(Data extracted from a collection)
BEGIN

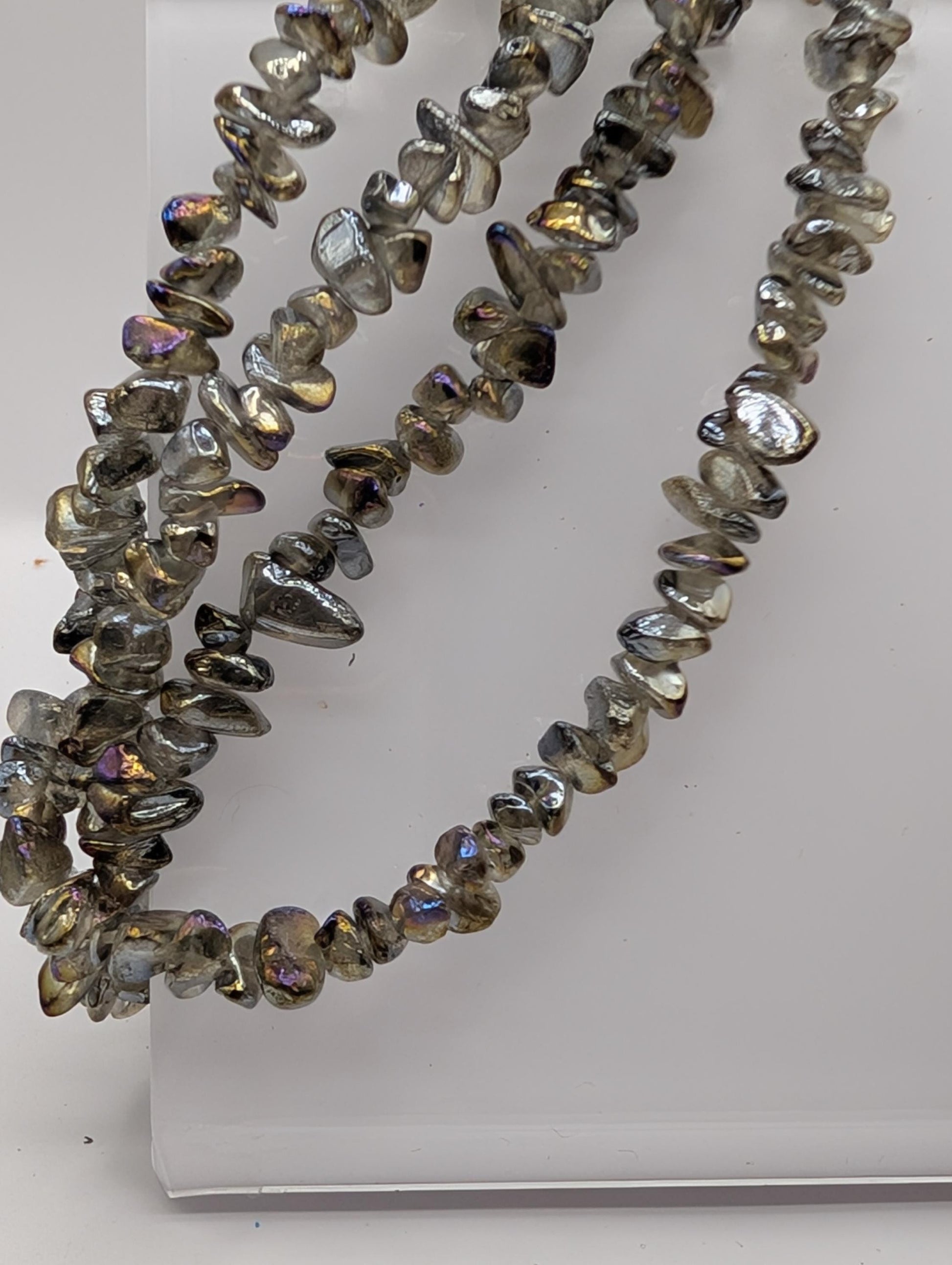Add vibrant texture and timeless sparkle to your handmade creations with these 36" strands of glass fire polished chip beads, perfect for jewelry making and crafts. Crafted for durability and consistent shine, these beads offer an authentic touch that sets your designs apart from mass-produced alternatives.
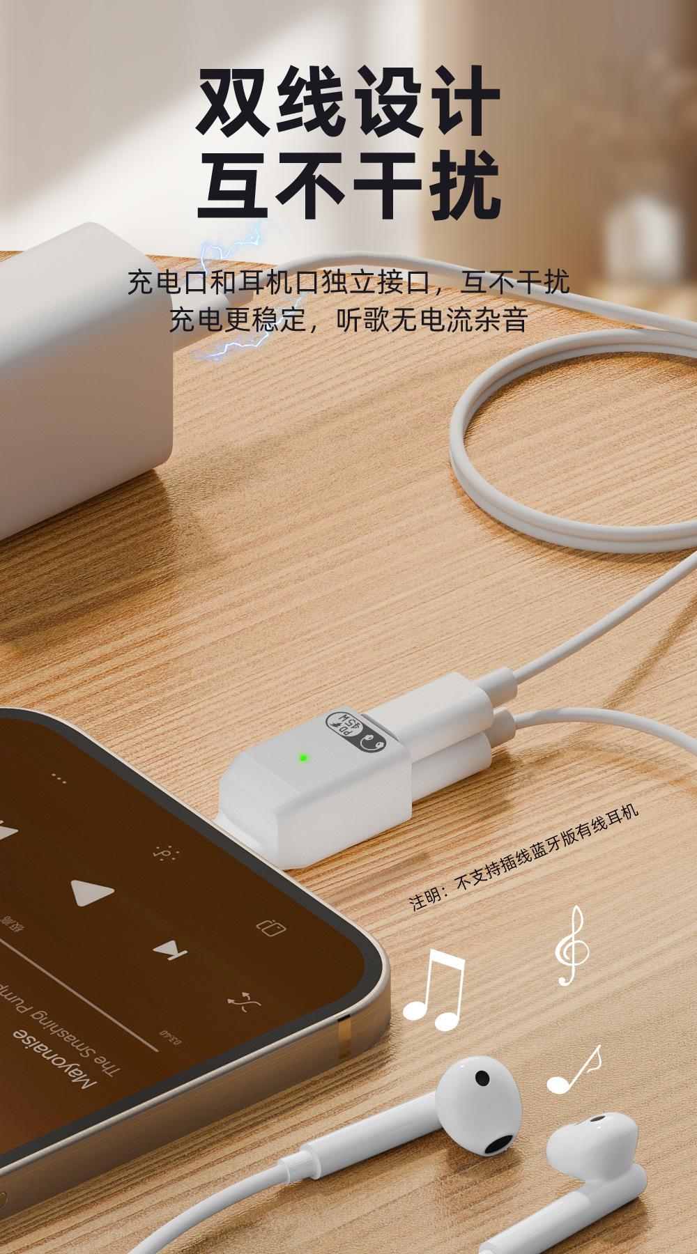 Nombre del producto: Bluetooth Inalámbrico 1 a 2Adaptador de carga para auriculares
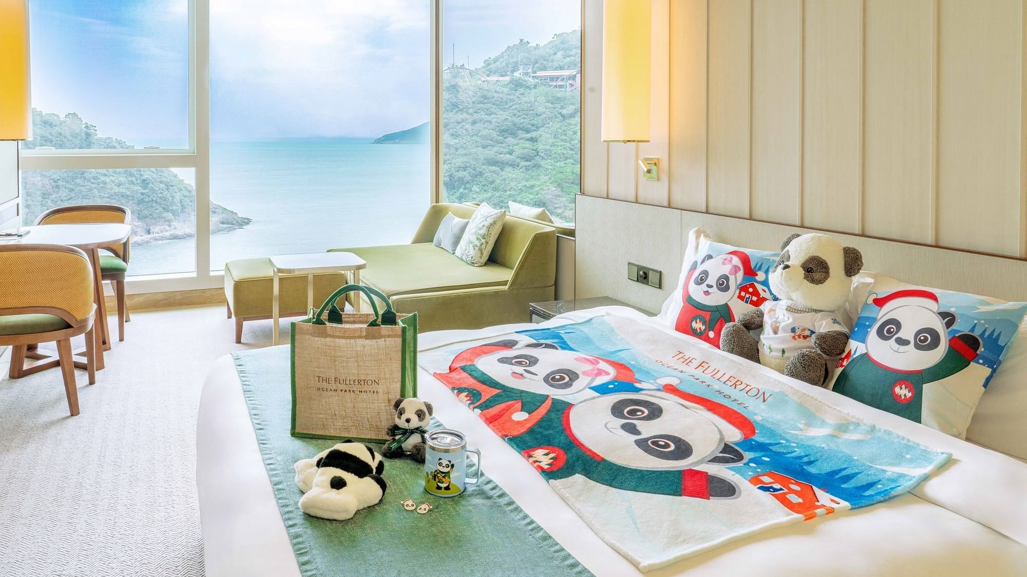 如果只買大熊貓紀念品不夠過癮,還可以入住熊貓主題酒店,沉浸式體驗被大熊貓環繞的快樂。海洋公園富麗敦酒店的大熊貓主題房間,為遊客打造夢幻的難忘假期。進入房間就會與富麗敦海洋公園酒店吉祥物——富富與麗麗熊貓一同踏上滿載驚喜的節日冒險旅程,沉浸在溫馨氛圍中。
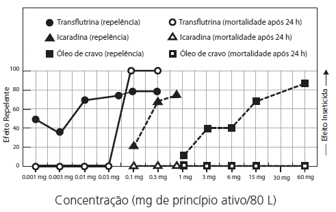 A) a transflutrina, a icaridina e o óleo de cravo têm ação repelente, mas não ação inseticida.
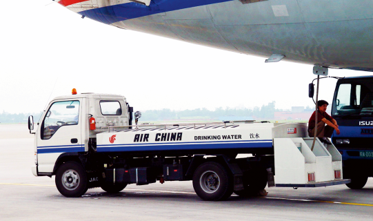 該類設(shè)備是通過(guò)車載裝置,為飛機(jī)提供清潔生活用水的自行式機(jī)場(chǎng)地面保障設(shè)備。該設(shè)備由汽車底盤(pán)、水箱總成、尾部框架總成、供水系統(tǒng)、液壓系統(tǒng)和電氣控制系統(tǒng)組成。
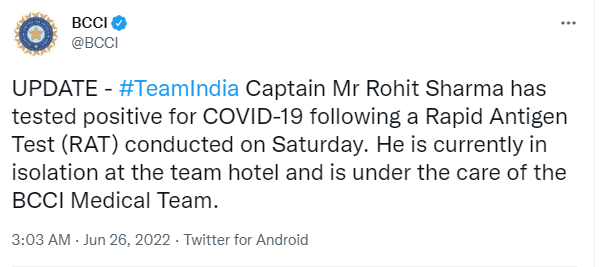 नयी दिल्ली । भारतीय क्रिकेट टीम के कप्तान रोहित शर्मा शनिवार को रैपिड एंटीजन टेस्ट में कोरोना संक्रमित पाए गए। इसकी जानकारी बीसीसीआई ने ट्विटर के जरिए दी। साथ ही बताया कि कप्तान रोहित शर्मा फिलहाल होटल में आइसोलेशन में है और बीसीसीआई की मेडिकल टीम की देखरेख में है।
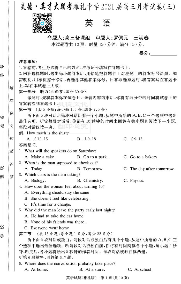 資源類別: | 名校月考 | |
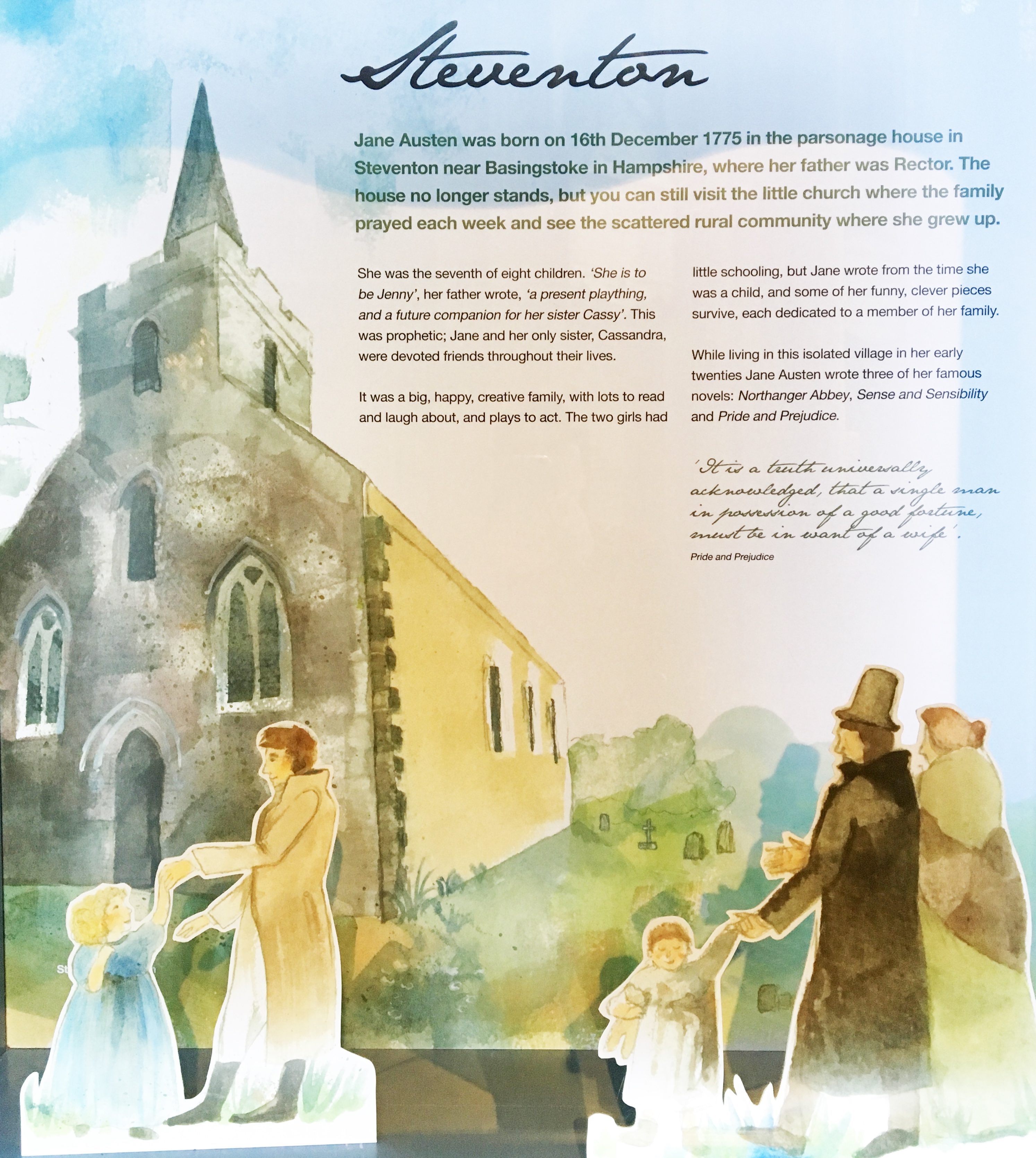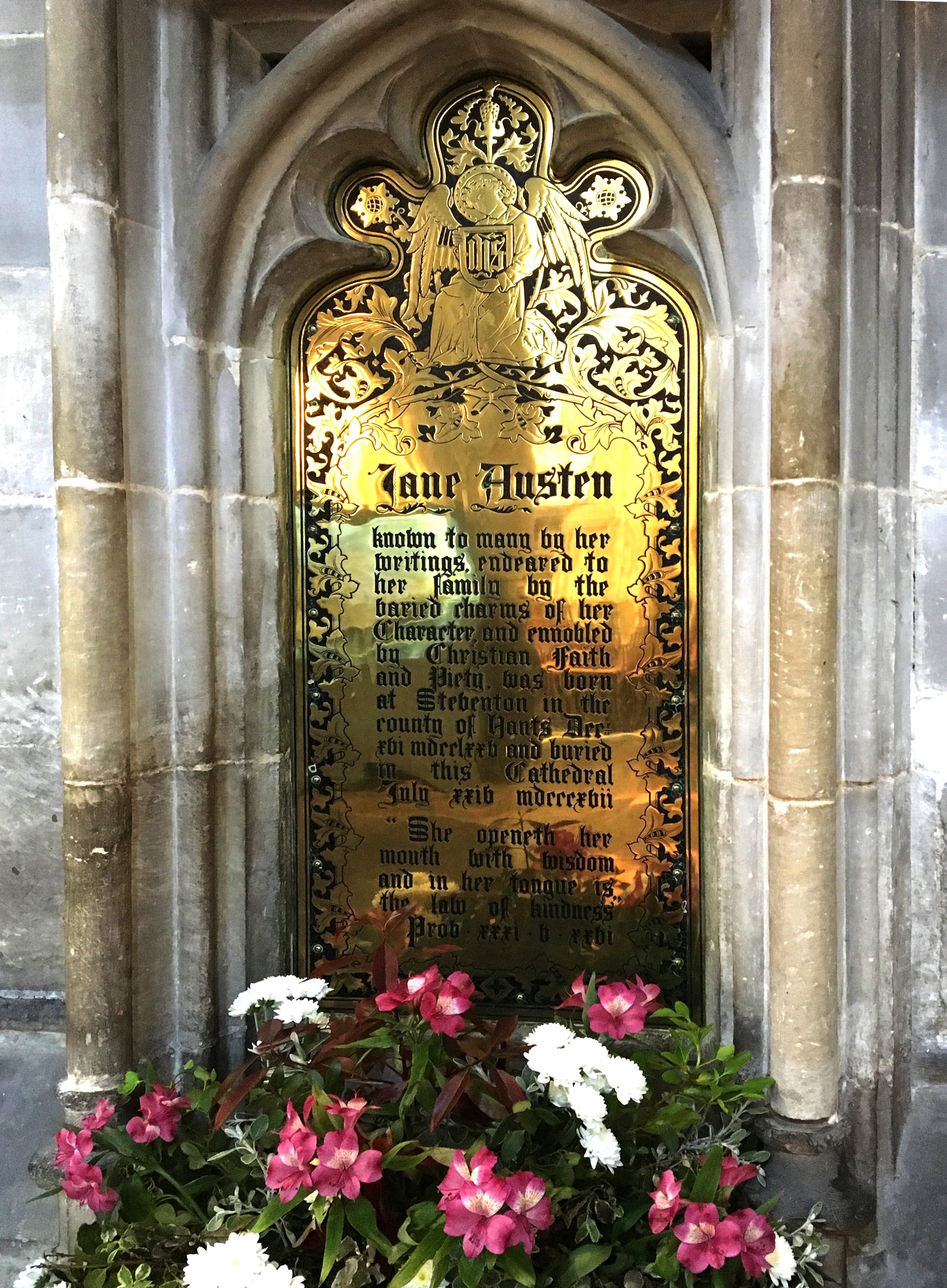 2017 is a great year for anniversaries!  While my traveling to Europe is primarily to celebrate the Golden Jubilee of the Catholic Charismatic Renewal (in Rome at Pentecost), I was delighted to find out that it is also the 200th anniversary of the death of Jane Austen, to be celebrated beginning on her birthday in July.  Though a little early for some of the major celebrations, I was able to visit a few sites that are connected to her, after surviving many dangers, toils, and snares (see post on Letting Go in Hampshire). Enjoy!

END

→ **Work request**:
Every line from the one bearing "資源類別: | 名校月考 | |" through the end of the data above must be output exactly, and no picture may appear.

→ **Task response**:
 資源類別: | 名校月考 | |
 2017 is a great year for anniversaries!  While my traveling to Europe is primarily to celebrate the Golden Jubilee of the Catholic Charismatic Renewal (in Rome at Pentecost), I was delighted to find out that it is also the 200th anniversary of the death of Jane Austen, to be celebrated beginning on her birthday in July.  Though a little early for some of the major celebrations, I was able to visit a few sites that are connected to her, after surviving many dangers, toils, and snares (see post on Letting Go in Hampshire). Enjoy!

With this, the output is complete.